Coordination with the general limitation period for assessment and the effect of information furnished by a material adviser are among the points addressed.
By Sally P. Schreiber, J.D.

The IRS issued final regulations regarding the exception to the general three-year assessment limitation period for listed transactions that a taxpayer did not disclose as required under Sec. 6011.

Under Sec. 6501(a), the IRS may assess tax within three years after a taxpayer files a tax return. Under Sec. 6501(c)(10), the assessment period for a listed transaction (one that the IRS has identified as a tax-avoidance transaction) that is not properly disclosed under Sec. 6011 is extended to one year after the earlier of (1) the date on which the taxpayer furnishes the information required for listed transactions (see below), or (2) the date that a material adviser furnishes to the IRS, upon written request, the information required under Sec. 6112 about the taxpayer related to the listed transaction. Sec. 6112 requires material advisers to maintain lists of advisees and other information for reportable transactions, including listed transactions, and to furnish that information to the IRS upon request.

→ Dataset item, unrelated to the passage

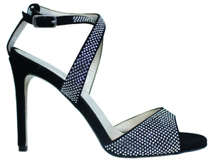 Stupendo sandalo con tacco alto a spillo ACS CALZATURE ITALIANE in vera pelle scamosciata color nero con strass argento e cinturino a incrocio sul collo, articolo M5079, dalla suola in cuoio: un articolo molto elegante che non può assolutamente mancare nella collezione di una donna!

The disclosure rules require the taxpayer to complete Form 8886, Reportable Transaction Disclosure Statement (or successor form), and file it with the taxpayer's original or amended return for each tax year for which the taxpayer participates in a listed transaction and file a copy with the IRS Office of Tax Shelter Analysis. If the transaction becomes a listed transaction after the date a taxpayer files its return and before the end of the period of limitation for assessment of tax for any tax year in which the taxpayer participated in the listed transaction, Form 8886 must be filed within 90 calendar days after the transaction became a listed transaction.  

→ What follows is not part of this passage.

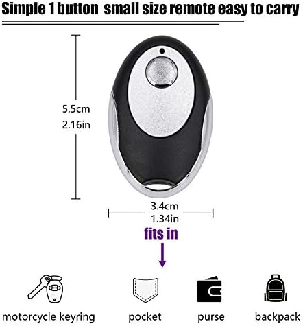 - 1 BUTTON SIMPLE MINI ELLIPSE APPEARENCE + HIGH QUALITY MATERIALS - It is small enough to fit well on a keychain, pocket, backpack, easy to carry. Plus metal reinforced key chain frame, more solid and beautiful than a bulky, 100% plastic remote

The regulations finalize proposed regulations issued in 2009 (REG-160871-04) with four clarifications:

  1. The one-year period in Sec. 6501(c)(10) serves only to extend the existing limitation period, and in no case will the application of the special rule for listed transactions cause the limitation period to end before the three-year period under the general rule in Sec. 6501(a).
  2. If a taxpayer fails to disclose information related to a listed transaction, unless a material adviser furnishes the information in response to an IRS written request for the list, except in very limited circumstances, the one-year period will not begin. Accordingly, receipt of information from a person other than a material adviser with respect to the taxpayer will not satisfy the requirements.
  3. Information received other than in response to a Sec. 6112 request for a list of a material adviser's advisees, such as in response to an information document request or a summons, will not begin the one-year period.
  4. If a material adviser furnishes the required information about a listed transaction but does not specifically identify the taxpayer who entered into it, the one-year period under Sec. 6501(c)(10)(B) will not be triggered for that taxpayer.

The final regulations apply to tax years for which the period of limitation on assessment under Sec. 6501 (including Sec. 6501(c)(10) and Regs. Sec. 301.6510(c)-1(g)) did not expire before March 31, 2015.

  • T.D. 9718

—By Sally P. Schreiber, J.D., a JofA senior editor.